5. Conclusion and Further Research
There are many real-life examples of markets with
indirect network effects, which are subject to scientific
research. In contrast to existing literature in this field
[9] [23] we use a bottom-up approach to model the
video game market, enabling simulations which can be
used to evaluate market strategies for console
manufacturers. Based on simulations, various scenarios
can be analyzed from the console vendors or game
publishers perspective.
As we have shown, pricing plays an important role
for the market success of video game consoles. A
penetration pricing strategy seems promising,
especially in the light of licensing fees. However our
results do not include the role of cost, which will most
probably lead to a different optimal price.

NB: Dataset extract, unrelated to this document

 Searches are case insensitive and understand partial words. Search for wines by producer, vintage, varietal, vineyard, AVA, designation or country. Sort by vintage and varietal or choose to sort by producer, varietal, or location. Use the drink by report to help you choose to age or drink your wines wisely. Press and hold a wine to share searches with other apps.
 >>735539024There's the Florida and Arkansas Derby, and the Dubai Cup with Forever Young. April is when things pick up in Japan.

A transfer of our model to other markets with
indirect network effects is possible, if these markets
inhibit the same key properties as the video game
market. This applies to markets of combined hardwaresoftware-systems with incompatibilities, where the
software components work with one type of the
hardware components, e.g. HD-DVD as well as Bluray players and their respective discs. The video game
market is special compared to other markets with
indirect network effects insofar as the game publishers
pay fees to console vendors. From an economic point
of view this is relevant for console vendors as they can
generate revenues not only with console sales but also
with game sales, enabling a penetration pricing
strategy.
There is still need for further optimization,
calibration and validation of the model. In order to
achieve a higher validity, which would allow for the
prediction of actual market development, we need to
gather empirical data.
Furthermore the ACE approach supports easy
changes of the simulation model to incorporate other
relevant aspects of the video game market. Thus, a
next step could be to examine different licensing
strategies between console vendors and game
publishers or the impact of different support levels for
game developers.
The upcoming trend to enable MMOG on consoles
now incorporates direct network effects on a market,
which hitherto was characterized by the influence of
indirect network effects only. Since empirical data for
the video game market is available, there is a challenge
for scientific research to estimate the impact of direct
and indirect network effects on those markets.